Здороваясь, не выдавая себя, уголком глаз с ходу пересчитать. Слава те… Отлегло, Кавуненко! Все восемь. Все в пыли, будто цементники. Но все!
— Представляем, чего нахлебались на стенке.
— И не говори!
— Хорошо, что так обошлось. Мы за вас уже шибко сомневались. Молчите себе, и всё!
— Камнем рацию трахнуло. Вот и замолчала. А с вашей морены всю ночь грохот. Тоже опасались.
— Считайте, в сорочке родились. Морена сработала, как волнорез. Все камни обтекали нас. Видали, какие валы за одну ночь нагородило? Камень не падал, рекой стекал.
— А у Романова что?
— С вечера ни о чем таком и не думали. И прогноз нормальный: надвигается небольшой грозовой фронт. Только и делов.
— А с романовской ночевки ничего не принимали?
— О птицах ему скажи.
— Это да! Это он про уларов. Знаешь ведь, какие они, горные индюшки. Человека за версту обходят. А тут летят и летят. И всей стаей прямо на лагерь на наш пикируют. На палатки. Машут, квохчут, мельтешатся. Пойди пойми. А разобраться — они же первыми землетрясение учуяли. Задолго до первого толчка.
— Так это землетрясение? — А вы что подумали?
— Нет… мы… ничего.
— Девять баллов, Семенов уже радировал.
— Но что же Романов?
— Сами хотели бы знать.
За часом час оживала морена Безлюдного, до этого настороженно и выжидательно примолкшая. Шли с разных вершин. Похожие чем-то на вырвавшихся из окружения бойцов. Последними кинула на камень рюкзаки двойка Шатаев — Уткин.

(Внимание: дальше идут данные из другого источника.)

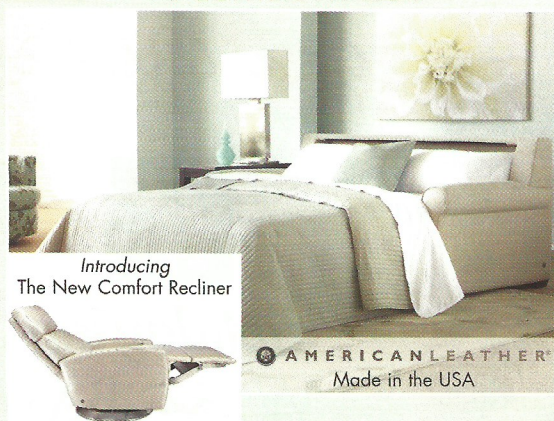
Introducing The New Comfort Recliner
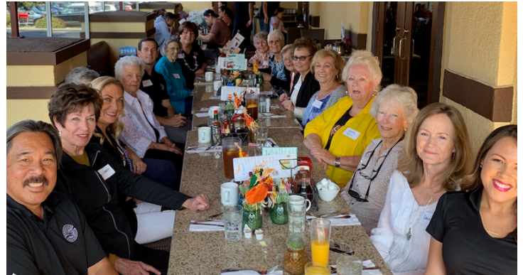
SDFRA and FFAID Staff along with our lovely ladies

Our mission is to honor the noble traditions of a firefighter for caring for them and those they leave behind. Our organization was established in 1907 and set the foundation for taking care of our own and their families. When we reached out, connected, and reunited with these amazing ladies who also gave vast pieces of their lives to the same family, we had no idea the effect that it would have on these ladies and our organization.

Вот уж кому горы дали прикурить. И больше всего не на маршруте. На спуске, когда уже наконец-то можешь позволить себе расслабиться.
— …Наелись во! — И обычно сдержанный Шатаев поднял ладонь поперек горла. — Какие-то двести метров всего-то и остаются. Еще чуть-чуть — и включай третью скорость, Уткин! Только это я подумал, как от Домбая откалывается кусок — Уткин не даст соврать, — метров пятьдесят на двести кусок. И не валится ведь, только себе клонится. Как дерево на порубке. Бежать?.. Куда?.. Ждать?.. Чего?.. А кусок уже дает крен в мою сторону. Уткин от него вдали — еще на веревке. Вот-вот жахнет. Думать некогда. Убежать не успею. Когда но-думал, сам не знаю. Только — ледоруб наперевес, сигаю с маху в первый рандклюфт.[47] Потом уже подумать успеваю, что учили нас обходить всегда трещины, а тут без нее пропал бы. А трещину, как по заказу, заклинило каменной пробкой, на нее и приземляюсь, весь обвал где-то поверху двинул. Затаился, как крот. И — голос Уткина: “Володь, а Володь! Как ты? Живой?” — “Да! — кричу ему. — В норме”. Помог вылезти. Обернулись дальше идти — и глаза на лоб полезли: рядом с рандклюфтом, “моим”, значит, другой рандклюфт, метров на тридцать по глубине. Как же это я в него сгоряча не махнул?
— Вся природа сегодня какая-то ненормальная, — бросил Вербовой. — Когда мы с Кавуненкой навстречь вам пошли, между нами — и не поймешь как — режется на глазах по леднику трещина. Разделила, одним словом, нас.
И только в долине узнает Шатаев, что, когда он исчез в трещине и скрыло их в вихре битого льда и снега, с бивуака передали на КСП: “Одна из двоек команды Радимова попала под обвал и погибла”.
“Будешь долго жить, Шатаев, — скажет ему в Домбае Семенов. — Согласно народной мудрости”.
А Шатаев подтвердил, что сигналят со стены Домбая.